Yeah. I mean, I genuinely do enjoy hanging out with the right kinds people. Occasionally. And for relatively short periods of time. I just have so little social energy and a lot of social anxiety. I find myself frustratingly uninterested in (and/or overwhelmed with) the idea of socializing, not even via text, and I pretty much rely on my SO for making/hanging with friends. So, not great.

I've always thought I could get a lot out of meditation, but I'm so bad at sticking to literally anything. Maybe it's just a self-fulfilling prophecy, but I've tried so many things in an attempt to increase socialization or even generally just improving my own life.

I don't really want to be this antisocial, but making and keeping close friendships seems so daunting and exhausting to me.

[–] SsxChaos@lemmy.ml 5 points 2 months ago

I am antisocial by nature although I learned how to socialize " born an introvert learned to ambivert " it is simple my brother you just have to learn how to talk with people calmly also being alone is always better because you can hear your thoughts process life to make better decisions, people are always noisy and loud and mostly the majority of them won't help you (that's based on my experience alone tho because people differ from each other)

[–] sunzu2@thebrainbin.org 5 points 2 months ago (1 children)

not larping propaganda makes it really hard to communicate within "polite" society

[–] eldavi@lemmy.ml 4 points 2 months ago

i felt this way too so i started therapy a while ago and that led to getting tested and diagnosed with autism.

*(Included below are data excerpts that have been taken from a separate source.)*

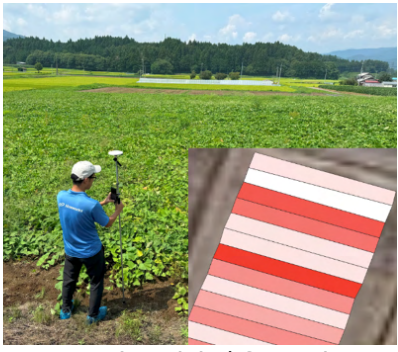
1. Precise Digital Surveying

This system is increasingly being adopted in various test fields for pesticide trials, varietal development, and seed production.
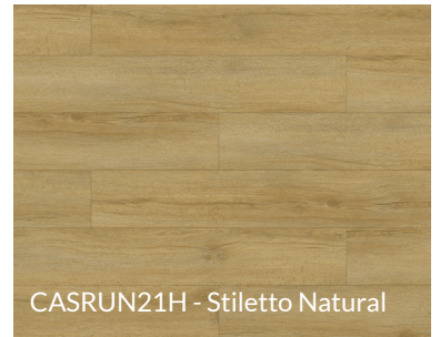
CASRUN21H - Stiletto Natural
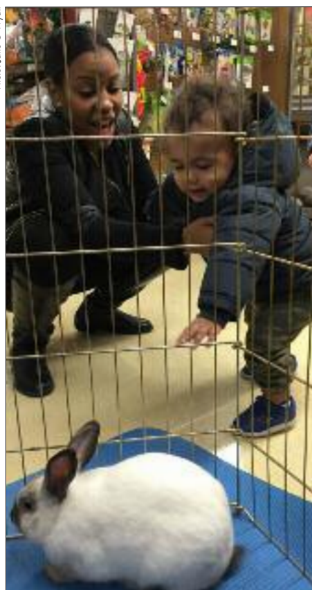
Marshmallow, at Petco Union Square, is protected from an impulsive admirer.
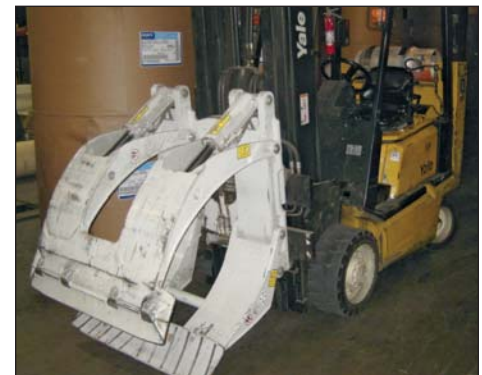
Yale 5,000 lb. LPG Forklift w/Roll Clamp
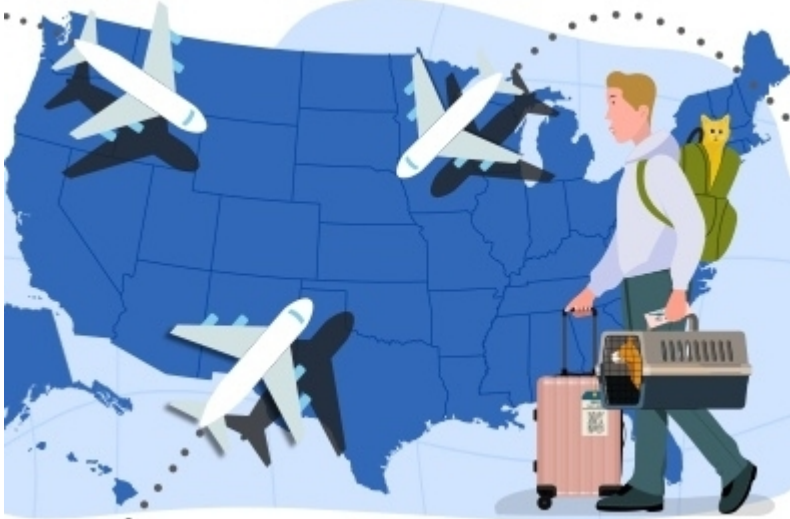
Take a Pet From One U.S. State or Territory to Another (Interstate)
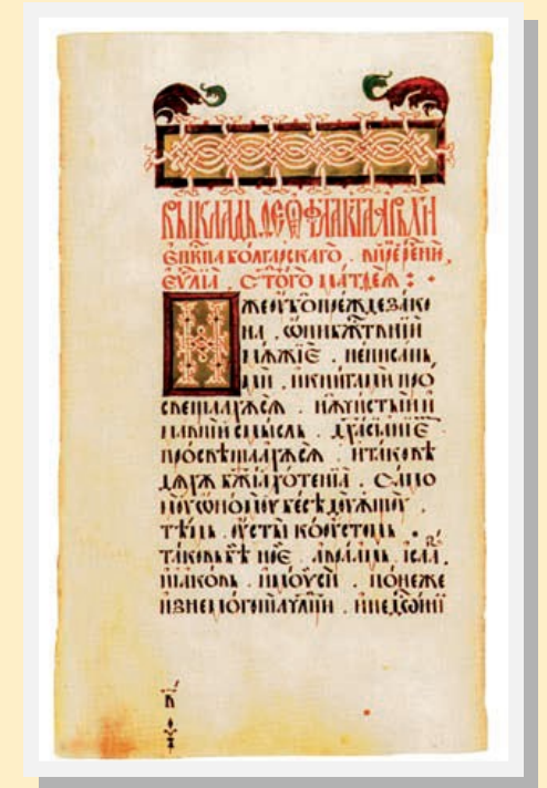
Facsimile of the Peresopnytsia Gospel (Ukraine, 16th century) - located at Saint Paul University

To register for the credit courses contact the Sheptytsky Institute at 613-236-1393, ext. 2332 Toll-free: 1-800-637-6859, ext. 2332
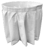
ANT M Filtro antistatico (Classe M EN 60335-2-69)
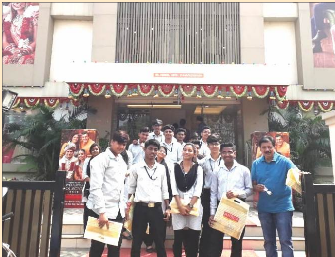
Outing of Hostellers

i was surprised since i had known and worked with autistic people and seen depictions of them on tv and movies and never guessed that i shared the same condition that they did. many people refuse to believe that i'm autistic still.

i got that diagnosis when i first hit middle age and learning about it made me wish that i had known sooner since that knowledge would have helped A LOT in my past.

[–] multifariace@lemmy.world 3 points 2 months ago

I'd say yes, but it is flipped according to you're situation. I have struggled my entire adult life with antisocial behavior. I am the type of person who gets energy from group activities. Organizing enough people to do so has always been challenging. I also am not into the bar and club scene. Meetup.com helped for several years. That faded away before covid, but the epidemic set everyone back 20 years in social gains. I see some recovery, but other circumstances are keeping me from being able to spend more time with groups. A big part of it is people seem to avoid social interations a lot more.

[–] intensely_human@lemm.ee 2 points 2 months ago

Yes, I can relate to this. Ask me anything you like.